**TASK ITEM:** Starting at the line that contains "Boss1:无常童子----近距离他会使", transcribe each line through the end of the material below, exactly and nothing else, leaving out the pictures.

--- GIVEN MATERIAL ---

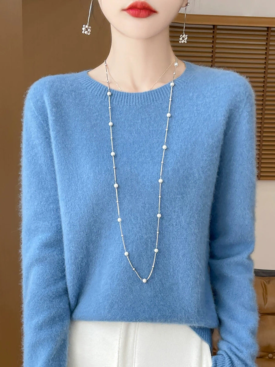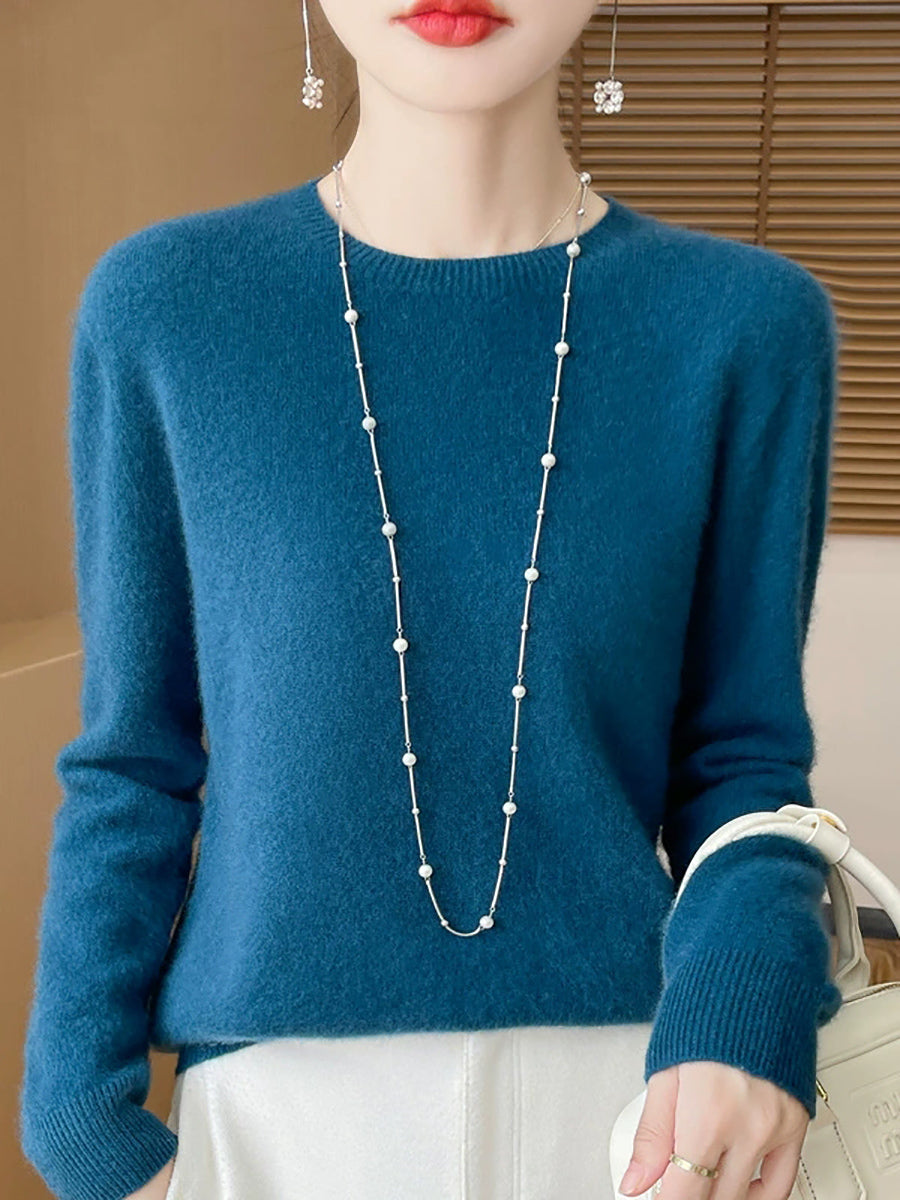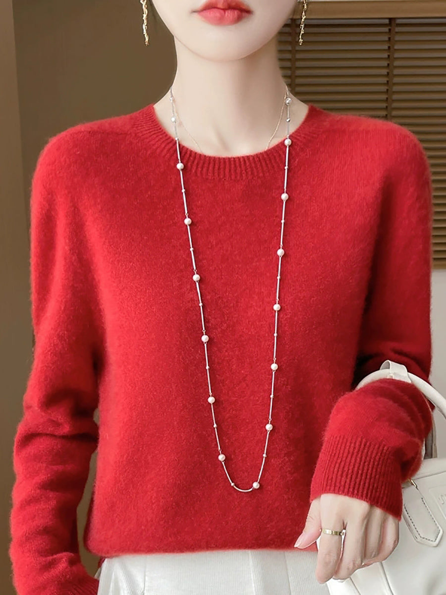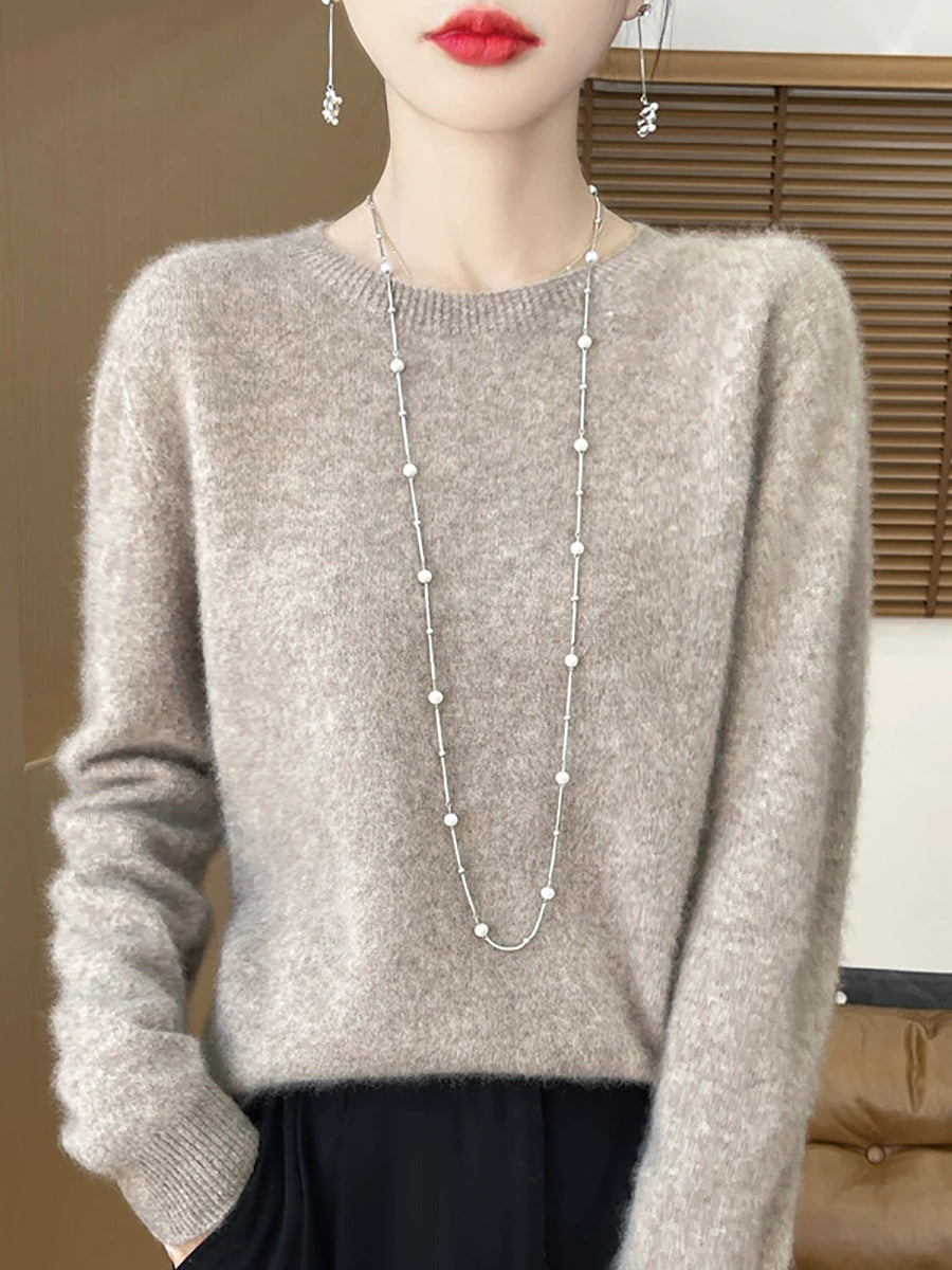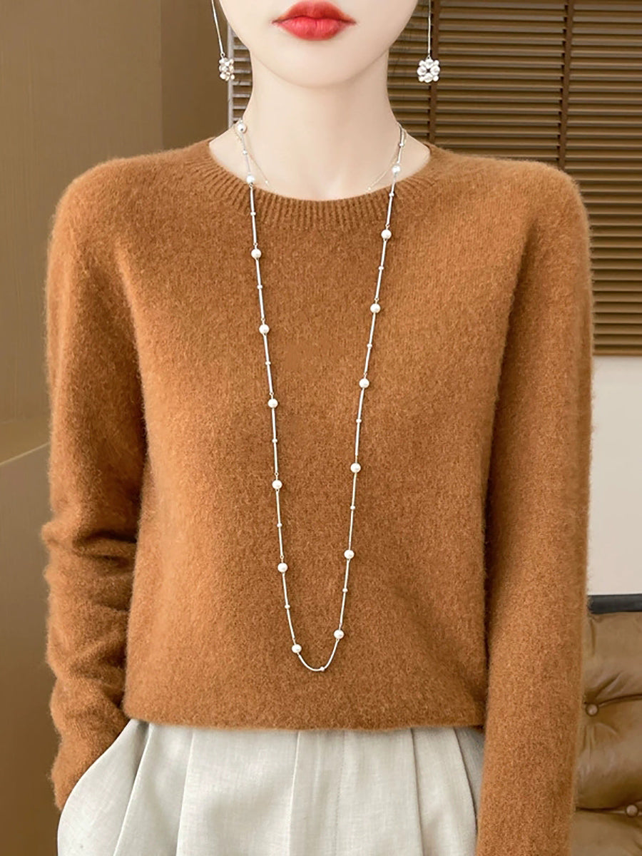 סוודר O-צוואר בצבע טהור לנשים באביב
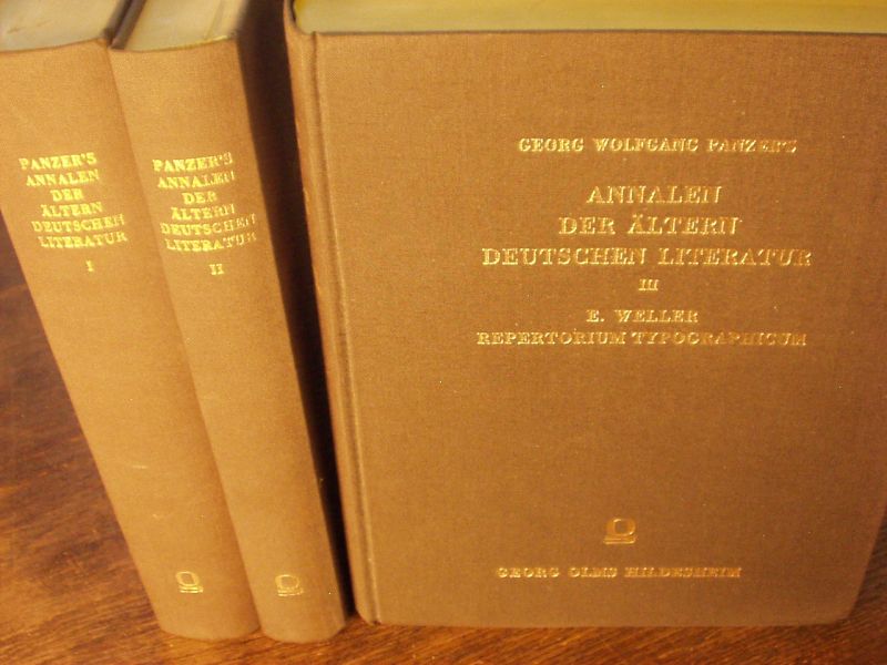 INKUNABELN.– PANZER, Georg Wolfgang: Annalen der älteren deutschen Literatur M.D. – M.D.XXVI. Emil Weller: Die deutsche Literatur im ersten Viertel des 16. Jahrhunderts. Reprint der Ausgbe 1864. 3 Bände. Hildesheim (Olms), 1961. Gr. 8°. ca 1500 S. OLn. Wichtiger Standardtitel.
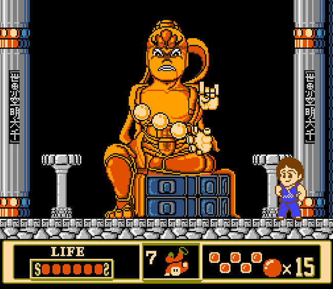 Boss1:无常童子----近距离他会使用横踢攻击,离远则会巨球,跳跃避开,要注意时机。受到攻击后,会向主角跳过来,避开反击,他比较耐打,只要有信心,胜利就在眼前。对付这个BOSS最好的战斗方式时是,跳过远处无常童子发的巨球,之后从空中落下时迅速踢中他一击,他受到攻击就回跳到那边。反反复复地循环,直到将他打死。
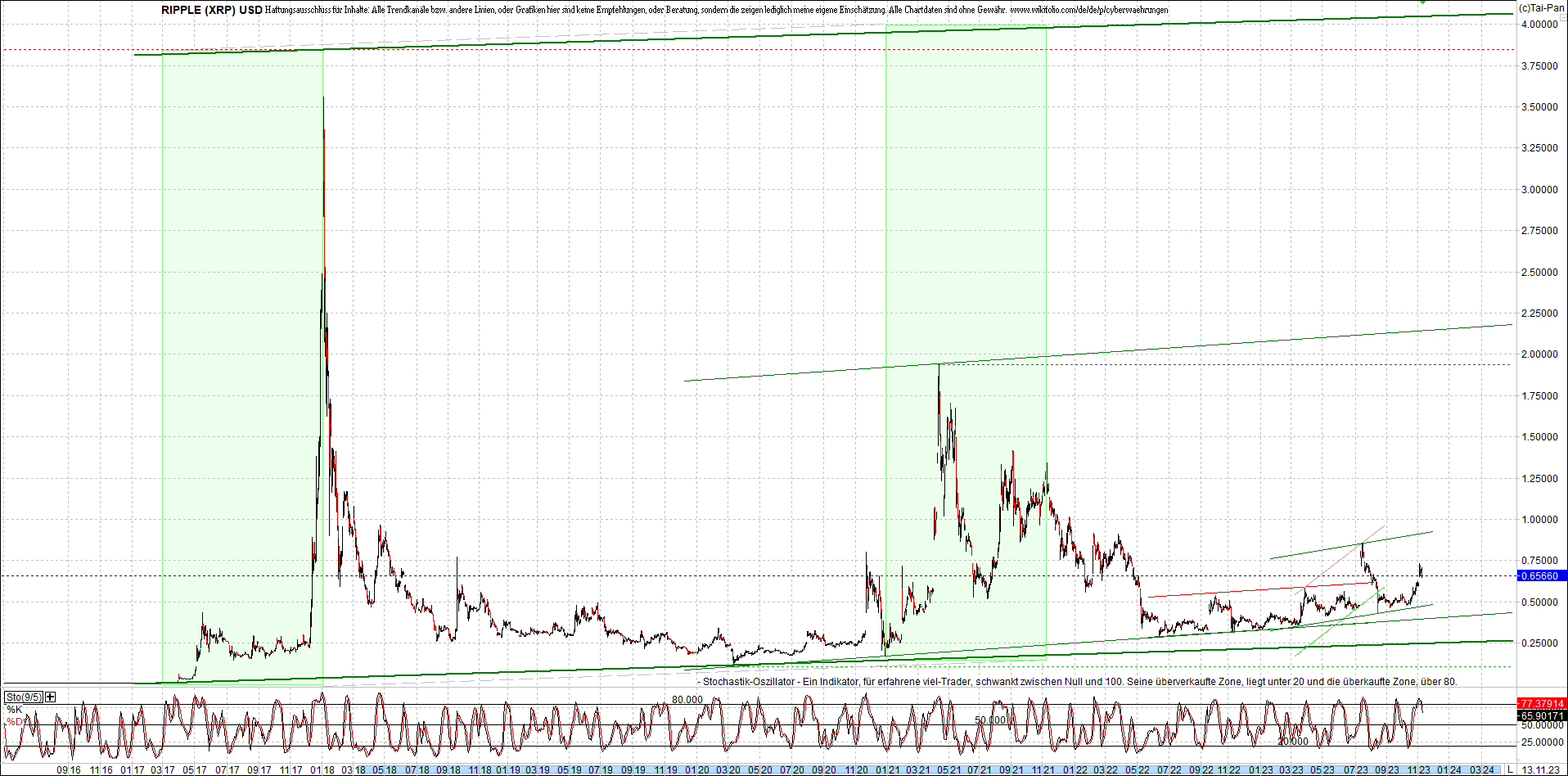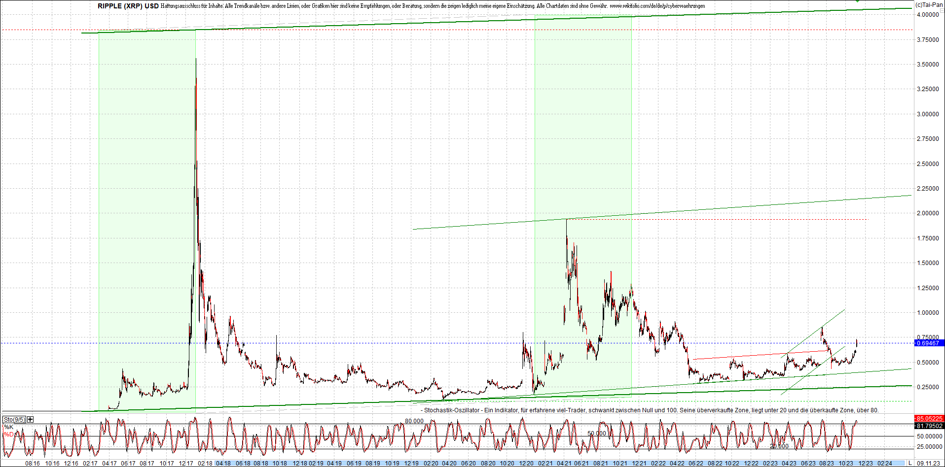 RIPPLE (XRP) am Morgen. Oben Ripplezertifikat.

---

**EXERCISE RESULT:**
 Boss1:无常童子----近距离他会使用横踢攻击,离远则会巨球,跳跃避开,要注意时机。受到攻击后,会向主角跳过来,避开反击,他比较耐打,只要有信心,胜利就在眼前。对付这个BOSS最好的战斗方式时是,跳过远处无常童子发的巨球,之后从空中落下时迅速踢中他一击,他受到攻击就回跳到那边。反反复复地循环,直到将他打死。
 RIPPLE (XRP) am Morgen. Oben Ripplezertifikat.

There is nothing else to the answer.